Cohiba was a popular entry for General Cigar, but with the Cigar Boom of the 1990s, Cohiba became a household name across America. The signature red dot in the O of the logo earned the brand the nickname “Red Dot Cohiba.”

However, Cohiba by General Cigar Company has been wrapped in controversy from its introduction in the 1980s. Around the same time, Cohiba of Cuba became commercial, and consumers around the world, with the exception of the U.S., could enjoy a Cuban Cohiba. From then, bitter tensions brewed between owners of Cohiba of Cuba, Habanos, S.A. ( a jointly owned tobacco venture between Altadis and the Cuban Government), and Cohiba by General Cigar. Legal battles have been won, lost, and laid before the steps of the U.S. Supreme Court.
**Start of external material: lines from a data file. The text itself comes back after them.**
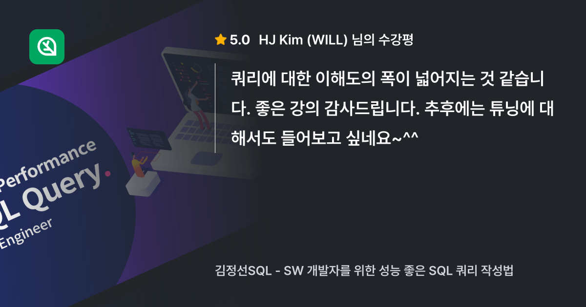 HJ Kim (WILL)님의 생생한 수강평, SW 개발자를 위한 성능 좋은 S... - 인프런 | 수강평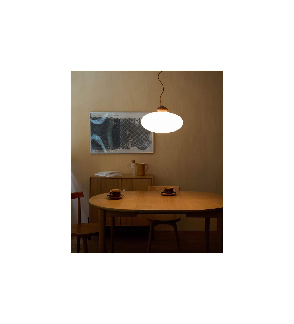 ホワイトガラスのシェードが、空間をやわらかく包み込むように灯します。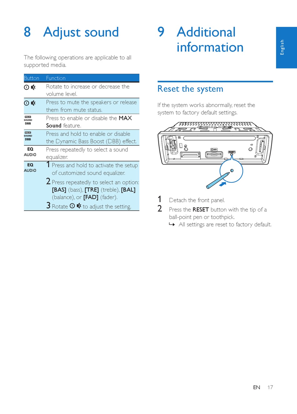 8 Adjust sound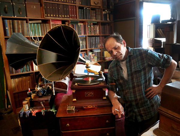 Even on days the shop's doors are locked, Holthus is there, repairing and cataloging until dark. He's known both for happily sharing his encyclopedic musical knowledge and his persnickety spirit. He hates the word "vinyl." He disdains new, cheaply made portable players. He scoffs at reissues.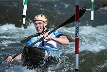 Joseph Clarke, MBE (born 3 November 1992) is a British slalom canoeist who has competed at the international level since 2009, specializing in the K1 (kayak) and KX1 (extreme kayak/kayak cross) events.[2] He is the 2016 Olympic champion in the K1 event,[3] a double World champion in the kayak cross discipline, and has won medals at World and European Championships.
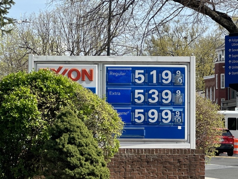 美國平均汽車零售油價每加侖已升破4美元,圖為首都華盛頓特區市中心一處加油站,各級汽油均超過5美元。(中央社記者廖漢原華盛頓攝)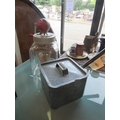 A bygone "Blow" butter churn and a Siddons square form cast iron blue enamelled pan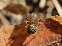 In Wayne Maddison's 2015 study of spider phylogenetic classification, the genus Euophrys was listed to the tribe Euophryini.[7] First circumscribed by Simon in 1901, the tribe has also been known as Euophrydinae, but the original name is now more prevalent.[8] It is a member of a subgroup of genera called Evophrydeae after the latter name.[9] It is a member of the clade Saltafresia.[10] Analysis of protein-coding genes showed it was particularly related to Thorelliola.[11] In 2016, Prószyński added the genus to a group of genera named Euopherines, named after the genus.[12] This is a member of the supergroup of genera Euphryoida.[13]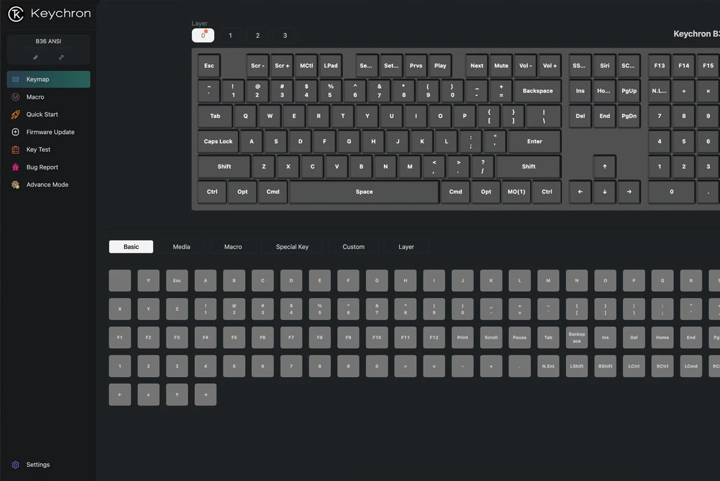 Απόλαυσε απεριόριστες δυνατότητες προσαρμογής με την εφαρμογή web Keychron Launcher, η οποία επιτρέπει την εύκολη αναδιάταξη πλήκτρων, μακροεντολές, συντομεύσεις και πολλά άλλα.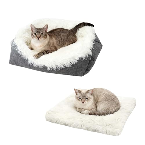 lit en peluche,2 in 1Lit pour Chat Chien,Lavable Lit pour Chat,Panier Chaton,Double Usage Panier pour Chat Coussin,Panier Chaton,coussin chat doux et confortable,coussin pour chat interieur (60x52cm)

While Cohiba now embodies the Cold War struggles that still pervade U.S. and Cuba relations, Cohiba went from an unknown name, uttered only in the New World, to the exclusive domain of the powerful, to now being on the lips of aficionados around the globe.

Cohiba by General Cigar continues to proudly release acclaimed tributes to unbridled luxury that are still being handmade in Dominican Republic with choice blends, wrappers and various sizes, for a smoke to suit every aficionado’s desired experience.

Also notable is Cohiba’s dedication to ever-refining and innovating its methods, notably recruiting Sean Williams, the respected mind behind El Primer Mundo Cigar Company, as an ambassador to continue expanding the brand experience.

Whether warming relations or a continuing stalemate in trade wins the day, or another clashing of the Cuban Government and Cohiba by General Cigar makes its way into the American courthouses, Cohiba by General Cigar thrives as a classic lineup within the General Cigar family, with a following, character, and identity all its own as a true symbol of the good life.